« En fin de compte, nous sommes tous dans le même bateau »

La star de l’opéra et lauréate d’un Olivier Award, Danielle De Niese, a donné son avis sur les commentaires de Timothée Chalamet sur les mondes de l’opéra et de la danse.

Plus tôt cette année, Chalamet a été fustigé pour des propos tenus dans une interview filmée publiée par Variété, où il a dit : «Je ne veux pas travailler dans le ballet, l’opéra, ou des choses où l’on se dit : « Hé, garde ce truc en vie, même si plus personne ne s’en soucie. »

Ces propos ont suscité un tollé au sein de la communauté artistique, de nombreuses compagnies de danse et d’opéra critiquant Chalamet pour avoir porté atteinte à leurs professions.

En discutant avec nous lors des Olivier Awards, De Niese, qui a remporté le prix de la contribution exceptionnelle à l’opéra, a eu une approche plus nuancée des remarques de Chalamet et de ce qu’elles reflètent sur la société d’aujourd’hui.

Elle a d’abord dit qu’elle était réticente à s’impliquer, ajoutant : « beaucoup de gens en ont dit beaucoup », mais a ensuite déclaré qu’on lui « a demandé à plusieurs reprises de commenter cela. Et en fait, la première chose que je voulais faire était de lire le contexte et de découvrir quel était le contexte, et à la première écoute, j’ai en quelque sorte pensé, attendez une minute, Timothée Chalamet se bat en fait juste pour l’expérience cinématographique de la même manière que l’industrie cinématographique se bat pour l’expérience cinématographique contre les streamers qui nous rendent si facile le visionnage. à la maison. »

La soprano lyrique australo-américaine De Niese est devenue une célébrité internationale grâce à sa performance révolutionnaire en 2005 dans le rôle de Cléopâtre dans Giulio Cesare au Opéra du Festival de Glyndebourne.
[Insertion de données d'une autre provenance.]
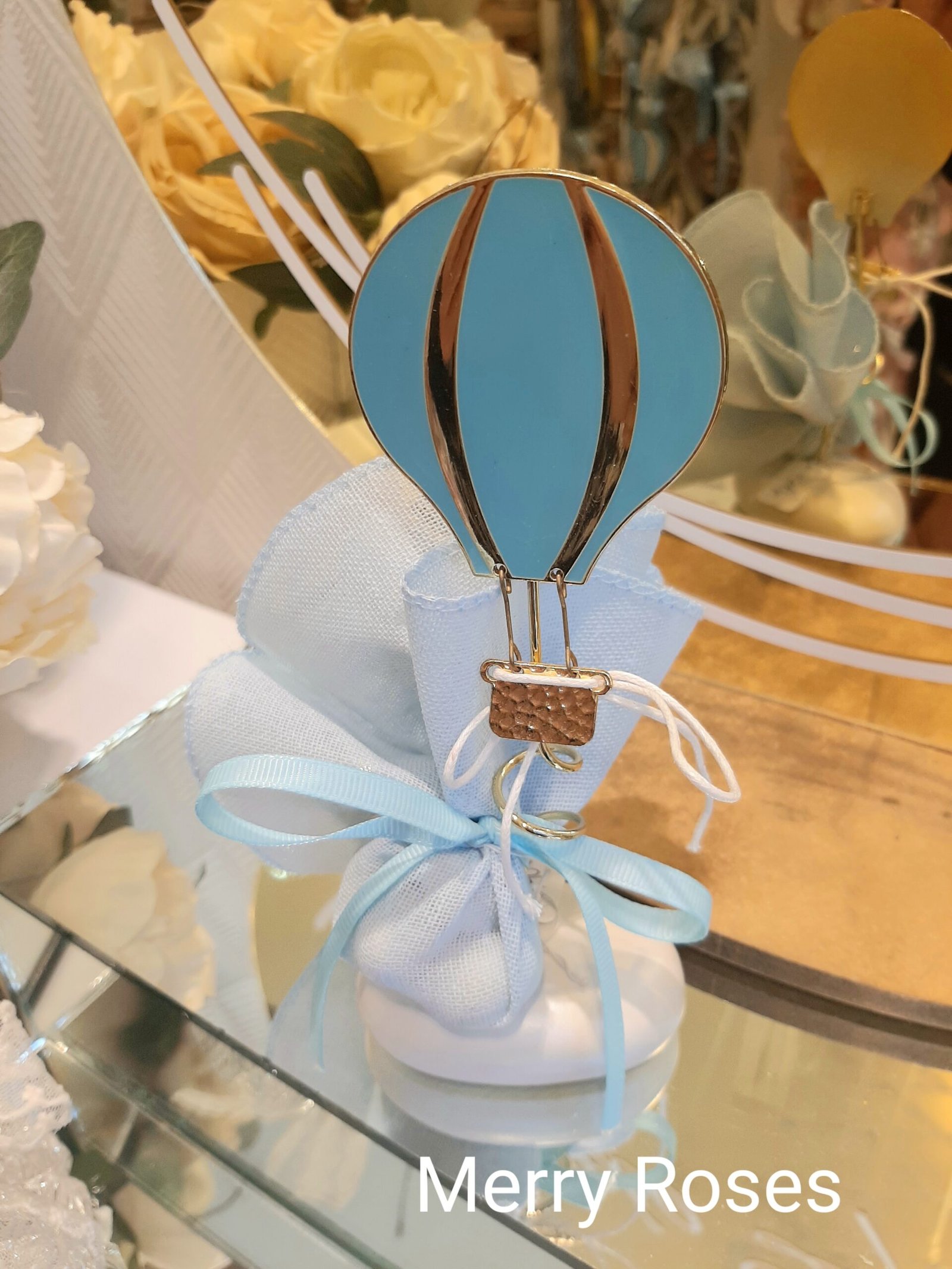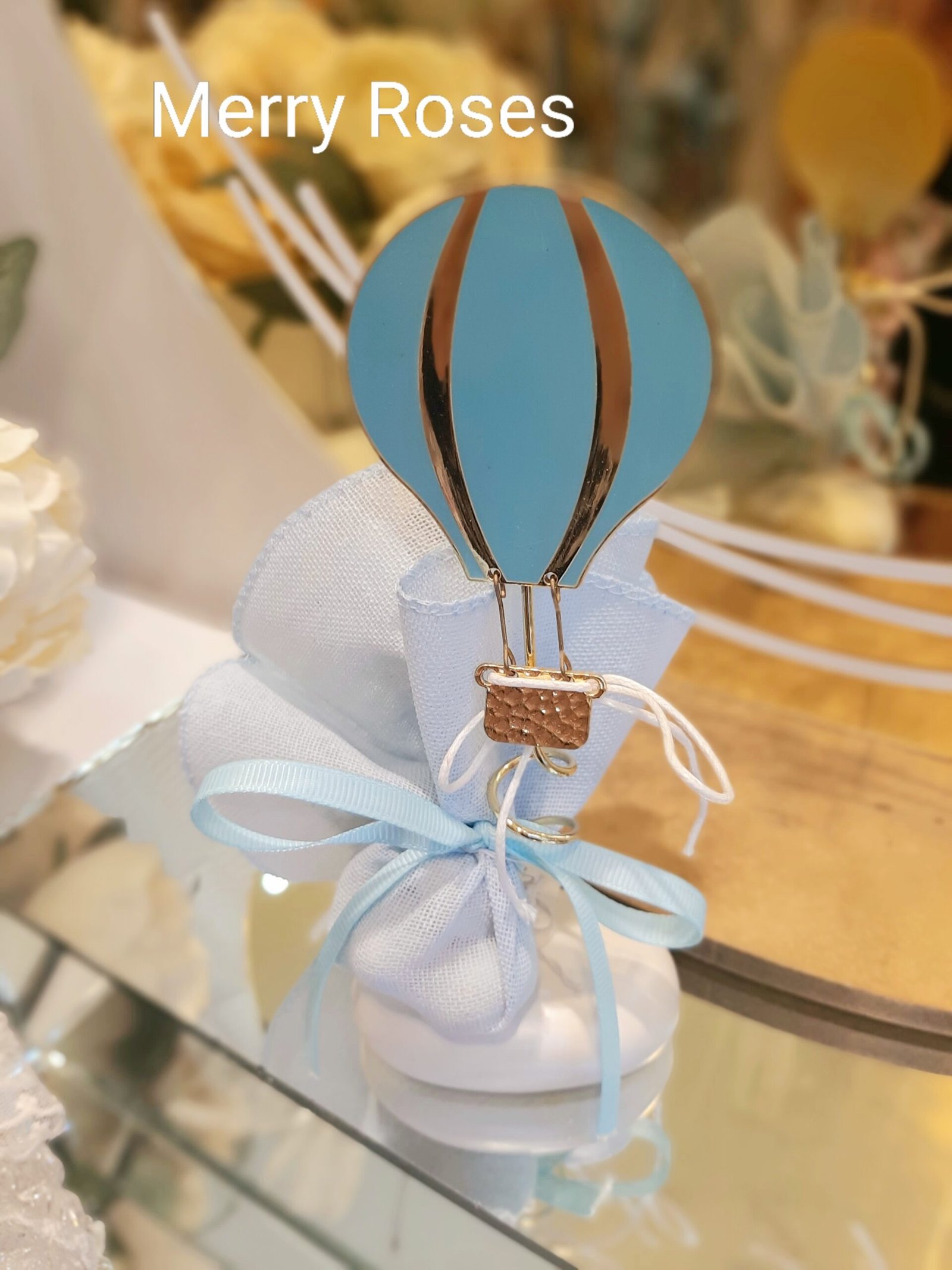 Μπομπονιέρα βάπτισης μεταλλικό χρυσό αερόστατο με σμάλτο.
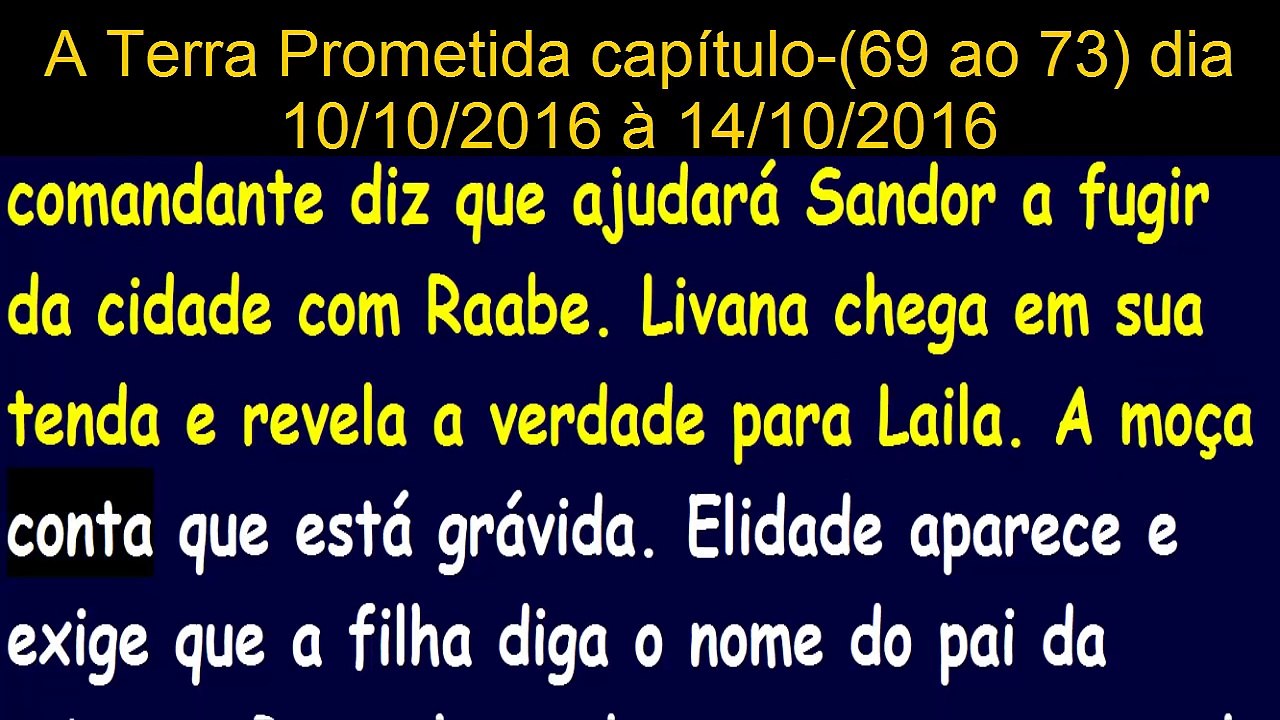 Quemuel diz não ter tempo para procurar tobias. Weba novela acompanha dos desafios do líder josué e dos hebreus para cumprir a difícil missão de conduzir as doze tribos de israel na conquista de canaã, a terra prometida. Webfique por dentro da novela bíblica a terra prometida, exibida pela record. Veja vídeos, notícias e informações exclusivas sobre a trama envolvente. Websamara e léia preparam algo especial para aruna. Será que é o último repasto dela? Tramas e peripécias no novo episódio de terra prometida, às 14h30. Marek diz ser impossível atravessar as muralhas. Tibar o alerta dizendo que os mercadores não poderão entrar em jericó e o abastecimento de. Após a morte de moisés, josué é o novo líder dos hebreus e terá que cumprir uma difícil missão ordenada por deus:

Ses crédits dans le West End incluent Aspects of Love et Man of La Mancha.

Cela l’a amenée à la conclusion : « En fait, nous sommes dans le même bateau, car toutes les formes d’art ne doivent pas nécessairement se battre pour survivre, mais elles sont plus nombreuses à continuer à prospérer et à trouver des moyens de s’épanouir, car il y a plus de formes d’art que jamais. Pourquoi ? Pourquoi y a-t-il plus de formes d’art ? Parce que nous devenons une société de plus en plus inclusive. C’est donc une bonne chose que nous ayons autant de types et de styles de musique différents – des styles que je ne connais pas encore, parce que je ne suis pas allé dans les coins les plus reculés. »

De Niese estime que toute cette débâcle doit donc être perçue comme une opportunité pour l’avenir : « C’est ce sur quoi je pense qu’il faut vraiment se concentrer. Nous devons donner aux jeunes la possibilité de découvrir de nombreuses formes d’art différentes, et ensuite, grâce à cette expérience et à cet accès, ils pourront trouver un foyer unique auquel ils appartiennent. Si nous continuons à fermer les portes et à les rétrécir, il devient très difficile pour les gens de sentir qu’ils ont accès (aux arts) et qu’ils ont un endroit qui fait appel à leur propre personnalité. Je pense donc qu’en fin de compte, nous sommes tous dans le même bateau. Mais peut-être qu’il ne s’est pas exprimé de la bonne manière.